Restarting Services Automatically on Certificate Rotation

reading time ( words)

This post originated on a question from a colleague about how to make your services restart automatically upon automated certificate rotation and replacement.

For starters, my automated certificate management workflow looks like this. For each expiring certificate, a new ACME DNS-01 challenge is initiated and automatically configured This ensures that my Cert Manager server will always have a current certificate for all covered services.

%%{init: { 'theme':'base', 'themeVariables': { 'primaryColor': '#BB2528', 'primaryTextColor': '#000', 'primaryBorderColor': '#7C0000', 'lineColor': '#F8B229', 'secondaryColor': '#006100', 'tertiaryColor': '#000', 'fontFamily': 'Raleway, Verdana, Arial', 'fontSize': '30px' } } }%% sequenceDiagram participant cm as Cert Manager participant dns as DNS Distribution Master participant le as Let's Encrypt participant server as DB / Mail / Web Server alt Certificate Request Cycle for expiring certificates cm->>le: Initiate dns-01 challenge le->>cm: Challenge data cm->>dns: Update records for dns-01 cm->>cm: Verify DNS changes propagated cm->>le: Proceed with request le->>cm: Provide updated cert end alt Certificate Publication cm->>server: Push updated certificates server->>server: Adjust permissions as required server->>server: Restart affected services end

New issued certificates are pushed automatically to each server where it is required. Upon receiving the certificate, its permissions are automatically adjusted to ensure that any and all services that need it, are able to read the cryptographic material.

After all this is done, services are automatically restarted. This is the somewhat tricky part.

An easy restart trigger

Most services require a full restart when replacing the certificates. This ensures that the crypto libraries can re-initialize themselves with the updated key material. This is true for most dæmons and in particular, dovecot, nginx, postfix, postgresql and sendmail which are the ones I use the most.

Fortunately, nowadays all of those processes will handily provide a PID-file for tracking purposes. Conveniently, the timestamp of this file will correspond with the moment where the service started running.

All we need to do, is to compare the timestamp of this PID file with the timestamp of the corresponding certificate file—whenever the certificate file is newer, the service would need to be restarted.

Now, keeping track of which certificate is associated with which service can be cumbersome. To make things easier, all services—except PostgreSQL, this is a special case—get their certificates through a subdirectory of its main configuration directory—e.g.: /etc/nginx/tls, /etc/dovecot/tls and so on—which helps keep the configuration straightforward, and the relationship between certificates and services easy to see.

Restarting nginx

For the nginx case, where many virtual servers, each with its own TLS certificate, depend on a single service. For this case, I use a handy find incantation from my crontab to restart when needed:

# Restart nginx whenever newer certificates are found.
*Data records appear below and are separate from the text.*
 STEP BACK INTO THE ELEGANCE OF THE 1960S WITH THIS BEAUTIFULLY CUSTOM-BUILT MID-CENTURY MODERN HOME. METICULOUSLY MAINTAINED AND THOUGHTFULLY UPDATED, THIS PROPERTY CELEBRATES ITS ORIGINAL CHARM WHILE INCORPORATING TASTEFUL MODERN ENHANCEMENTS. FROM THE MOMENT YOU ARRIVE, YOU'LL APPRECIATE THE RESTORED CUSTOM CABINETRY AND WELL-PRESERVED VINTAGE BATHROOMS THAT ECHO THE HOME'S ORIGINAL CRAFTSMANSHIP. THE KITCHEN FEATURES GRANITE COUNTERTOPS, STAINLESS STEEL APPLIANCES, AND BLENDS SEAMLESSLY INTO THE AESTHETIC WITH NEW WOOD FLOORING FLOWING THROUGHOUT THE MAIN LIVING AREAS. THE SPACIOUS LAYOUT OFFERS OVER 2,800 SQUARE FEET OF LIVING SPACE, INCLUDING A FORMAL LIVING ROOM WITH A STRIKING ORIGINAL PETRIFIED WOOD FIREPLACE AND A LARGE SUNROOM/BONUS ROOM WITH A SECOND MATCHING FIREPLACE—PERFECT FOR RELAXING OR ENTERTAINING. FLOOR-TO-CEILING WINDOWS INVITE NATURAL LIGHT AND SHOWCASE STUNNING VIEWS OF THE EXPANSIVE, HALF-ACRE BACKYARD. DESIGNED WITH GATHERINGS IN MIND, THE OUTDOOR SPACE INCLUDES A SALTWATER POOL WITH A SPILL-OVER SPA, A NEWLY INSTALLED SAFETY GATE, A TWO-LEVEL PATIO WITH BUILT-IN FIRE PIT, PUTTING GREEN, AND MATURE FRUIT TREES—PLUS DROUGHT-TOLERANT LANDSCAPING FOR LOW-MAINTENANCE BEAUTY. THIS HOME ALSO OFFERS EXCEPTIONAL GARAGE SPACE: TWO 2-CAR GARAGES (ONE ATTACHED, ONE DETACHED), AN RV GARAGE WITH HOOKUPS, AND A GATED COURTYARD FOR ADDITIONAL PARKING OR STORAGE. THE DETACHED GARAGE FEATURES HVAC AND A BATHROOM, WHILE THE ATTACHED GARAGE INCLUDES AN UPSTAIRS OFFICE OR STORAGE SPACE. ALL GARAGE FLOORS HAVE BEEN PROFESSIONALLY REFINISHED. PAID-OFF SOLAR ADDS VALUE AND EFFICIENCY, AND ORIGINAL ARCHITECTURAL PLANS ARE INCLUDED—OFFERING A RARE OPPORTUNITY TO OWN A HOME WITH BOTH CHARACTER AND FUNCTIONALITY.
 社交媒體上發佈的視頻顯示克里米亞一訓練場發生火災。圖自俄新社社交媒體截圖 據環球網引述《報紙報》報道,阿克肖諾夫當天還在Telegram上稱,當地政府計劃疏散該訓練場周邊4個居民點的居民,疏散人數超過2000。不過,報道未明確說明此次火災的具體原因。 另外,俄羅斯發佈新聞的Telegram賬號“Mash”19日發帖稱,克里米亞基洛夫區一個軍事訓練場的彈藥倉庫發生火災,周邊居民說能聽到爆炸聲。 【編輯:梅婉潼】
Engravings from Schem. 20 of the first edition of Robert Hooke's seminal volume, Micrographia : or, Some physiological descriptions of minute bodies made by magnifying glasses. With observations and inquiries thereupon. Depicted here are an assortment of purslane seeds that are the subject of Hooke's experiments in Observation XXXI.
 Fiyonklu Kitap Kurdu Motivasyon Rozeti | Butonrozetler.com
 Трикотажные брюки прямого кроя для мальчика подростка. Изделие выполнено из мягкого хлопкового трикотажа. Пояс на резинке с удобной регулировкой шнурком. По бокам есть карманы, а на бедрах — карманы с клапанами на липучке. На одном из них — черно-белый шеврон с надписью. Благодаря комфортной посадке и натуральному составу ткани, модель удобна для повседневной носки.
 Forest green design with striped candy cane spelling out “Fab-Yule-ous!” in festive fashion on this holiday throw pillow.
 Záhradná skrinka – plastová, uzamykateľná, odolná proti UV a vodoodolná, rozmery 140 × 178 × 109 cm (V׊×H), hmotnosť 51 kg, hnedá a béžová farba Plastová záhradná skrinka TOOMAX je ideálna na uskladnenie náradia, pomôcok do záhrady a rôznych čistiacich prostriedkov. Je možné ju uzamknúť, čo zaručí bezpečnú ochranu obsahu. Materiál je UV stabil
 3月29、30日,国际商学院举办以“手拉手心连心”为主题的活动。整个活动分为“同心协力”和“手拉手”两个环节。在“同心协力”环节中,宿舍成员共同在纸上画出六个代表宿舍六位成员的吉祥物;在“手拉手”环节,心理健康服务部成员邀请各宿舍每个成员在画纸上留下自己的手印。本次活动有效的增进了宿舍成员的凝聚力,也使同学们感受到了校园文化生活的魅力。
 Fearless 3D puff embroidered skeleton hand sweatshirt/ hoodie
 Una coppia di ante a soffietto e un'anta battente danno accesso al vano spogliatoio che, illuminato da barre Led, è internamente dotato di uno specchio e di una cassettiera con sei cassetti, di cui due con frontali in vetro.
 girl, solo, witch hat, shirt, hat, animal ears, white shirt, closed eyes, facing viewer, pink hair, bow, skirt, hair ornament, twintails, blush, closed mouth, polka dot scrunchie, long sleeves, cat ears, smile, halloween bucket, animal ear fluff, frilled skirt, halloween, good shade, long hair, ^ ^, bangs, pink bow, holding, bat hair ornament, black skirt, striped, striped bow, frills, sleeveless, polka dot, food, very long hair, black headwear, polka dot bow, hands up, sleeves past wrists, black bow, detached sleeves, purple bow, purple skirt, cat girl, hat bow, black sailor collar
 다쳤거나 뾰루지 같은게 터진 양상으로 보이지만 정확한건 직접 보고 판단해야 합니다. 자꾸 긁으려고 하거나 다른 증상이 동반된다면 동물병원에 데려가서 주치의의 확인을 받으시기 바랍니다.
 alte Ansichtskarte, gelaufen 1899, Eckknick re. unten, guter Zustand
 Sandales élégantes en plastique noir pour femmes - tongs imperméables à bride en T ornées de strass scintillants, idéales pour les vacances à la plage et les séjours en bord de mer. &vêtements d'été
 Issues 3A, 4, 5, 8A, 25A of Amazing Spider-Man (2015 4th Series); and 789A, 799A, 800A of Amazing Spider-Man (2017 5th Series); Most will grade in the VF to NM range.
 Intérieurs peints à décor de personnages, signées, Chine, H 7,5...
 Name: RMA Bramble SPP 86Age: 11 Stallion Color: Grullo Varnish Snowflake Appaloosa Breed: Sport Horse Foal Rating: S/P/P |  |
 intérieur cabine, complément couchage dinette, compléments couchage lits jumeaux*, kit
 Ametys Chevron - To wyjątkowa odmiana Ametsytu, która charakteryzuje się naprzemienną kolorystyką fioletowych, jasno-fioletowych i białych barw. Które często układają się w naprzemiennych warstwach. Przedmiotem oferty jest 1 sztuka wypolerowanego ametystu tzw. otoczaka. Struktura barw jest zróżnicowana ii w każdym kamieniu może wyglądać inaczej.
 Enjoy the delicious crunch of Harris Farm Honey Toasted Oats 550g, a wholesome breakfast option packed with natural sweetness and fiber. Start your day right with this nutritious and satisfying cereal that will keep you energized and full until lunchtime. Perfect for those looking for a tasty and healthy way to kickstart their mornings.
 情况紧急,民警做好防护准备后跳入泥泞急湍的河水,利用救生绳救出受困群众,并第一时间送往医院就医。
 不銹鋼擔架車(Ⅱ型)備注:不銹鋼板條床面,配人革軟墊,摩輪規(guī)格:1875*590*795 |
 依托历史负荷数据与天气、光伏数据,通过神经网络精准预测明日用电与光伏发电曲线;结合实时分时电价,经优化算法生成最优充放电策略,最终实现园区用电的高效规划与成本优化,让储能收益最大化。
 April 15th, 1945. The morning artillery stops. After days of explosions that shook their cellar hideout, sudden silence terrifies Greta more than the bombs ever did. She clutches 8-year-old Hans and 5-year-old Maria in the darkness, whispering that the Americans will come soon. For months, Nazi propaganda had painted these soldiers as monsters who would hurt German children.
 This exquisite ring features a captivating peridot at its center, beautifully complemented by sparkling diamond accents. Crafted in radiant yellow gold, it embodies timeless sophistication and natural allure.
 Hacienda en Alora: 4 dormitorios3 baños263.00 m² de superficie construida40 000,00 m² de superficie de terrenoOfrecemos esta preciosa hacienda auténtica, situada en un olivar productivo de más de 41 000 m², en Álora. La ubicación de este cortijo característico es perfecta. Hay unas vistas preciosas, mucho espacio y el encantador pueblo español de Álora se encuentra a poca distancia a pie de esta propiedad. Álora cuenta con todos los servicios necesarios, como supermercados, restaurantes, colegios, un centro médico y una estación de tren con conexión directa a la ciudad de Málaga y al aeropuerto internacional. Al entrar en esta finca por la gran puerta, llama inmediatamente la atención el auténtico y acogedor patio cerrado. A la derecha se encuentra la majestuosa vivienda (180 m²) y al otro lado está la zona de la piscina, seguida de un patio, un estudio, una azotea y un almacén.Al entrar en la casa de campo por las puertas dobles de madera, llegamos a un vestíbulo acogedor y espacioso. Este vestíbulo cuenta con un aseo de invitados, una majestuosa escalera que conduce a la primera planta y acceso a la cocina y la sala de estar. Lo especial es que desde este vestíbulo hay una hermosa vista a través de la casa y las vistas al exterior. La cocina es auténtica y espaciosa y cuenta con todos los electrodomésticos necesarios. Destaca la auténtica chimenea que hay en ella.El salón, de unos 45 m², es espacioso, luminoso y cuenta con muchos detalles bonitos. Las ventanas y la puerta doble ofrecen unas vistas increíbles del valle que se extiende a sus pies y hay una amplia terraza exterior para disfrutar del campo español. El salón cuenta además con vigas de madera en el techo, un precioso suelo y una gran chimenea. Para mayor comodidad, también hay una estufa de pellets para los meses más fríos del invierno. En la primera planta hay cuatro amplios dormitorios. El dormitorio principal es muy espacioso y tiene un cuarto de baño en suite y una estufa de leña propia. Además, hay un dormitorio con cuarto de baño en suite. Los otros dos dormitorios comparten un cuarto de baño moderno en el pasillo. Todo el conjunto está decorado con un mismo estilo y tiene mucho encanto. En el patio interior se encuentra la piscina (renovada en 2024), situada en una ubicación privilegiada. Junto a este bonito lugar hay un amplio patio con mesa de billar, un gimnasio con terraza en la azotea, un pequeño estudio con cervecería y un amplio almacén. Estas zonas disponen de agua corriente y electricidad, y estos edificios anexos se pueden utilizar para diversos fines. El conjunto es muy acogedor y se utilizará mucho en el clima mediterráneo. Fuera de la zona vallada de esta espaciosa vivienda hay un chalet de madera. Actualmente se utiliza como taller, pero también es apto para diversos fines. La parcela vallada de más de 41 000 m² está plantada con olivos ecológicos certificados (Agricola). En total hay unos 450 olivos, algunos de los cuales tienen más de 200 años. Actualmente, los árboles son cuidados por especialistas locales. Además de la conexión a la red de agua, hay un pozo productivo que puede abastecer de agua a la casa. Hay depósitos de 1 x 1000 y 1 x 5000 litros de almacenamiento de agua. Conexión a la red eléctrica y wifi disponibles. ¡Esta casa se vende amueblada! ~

*/15 * * * * root find -L /etc/nginx/tls -name fullchain.pem -newer /run/nginx.pid  -exec systemctl restart nginx \; -quit

So, every 15 minutes find examines the fullchain.pem certificate bundles used anywhere on my nginx configuration, comparing their timestamps with the corresponding PID file. If the PID file is found to be older than any certificate file, the find -exec stanza takes care of restarting nginx.

This arrangement is quite convenient, as my nginx restarts are very quick. The 15 munute check interval also helps for when I intend to deploy a new website quickly—normally, the site is fully up and running with a fresh certificate by the time I finish setting up other things.

Restarting PostgreSQL

On a similar note, I want to restart my database clusters whenever a new certificate is deployed. The automation typically runs at times of little traffic, and in general PostgreSQL is pretty smart about its restarts, so this process tend to work well in my environment.

In this case, the crontab scripting looks inside the postgresql.conf file for each instance to pick up the specific certificate bundle being used. Other than that, the logic is quite the same as for the nginx case. The below is the code straight from my crontab file:

# Try and restart all postgres instances whose certificates were updated, automatically

11 22 * * * root find /etc/postgresql/ -name postgresql.conf -printf '\%P:' -exec egrep '^ssl_cert_file' '{}' \; | while read s; do pginst=$(echo $s | cut -f1-2 -d/ | tr / -); pidfile="/run/postgresql/${pginst}.pid"; cert=$(echo $s | sed 's/^.*= *//' | tr -d "'\"" ); [ "${cert}" -nt "${pidfile}" ] && echo restarting postgresql@${pginst} && systemctl restart "postgresql@${pginst}"; done

Restarting other services

For other services I tend to use a variation of the nginx use case, simply changing the systemctl service name to match.

This scheme has worked wonders over months of unatended operation, so I hope you can use it for your own environment.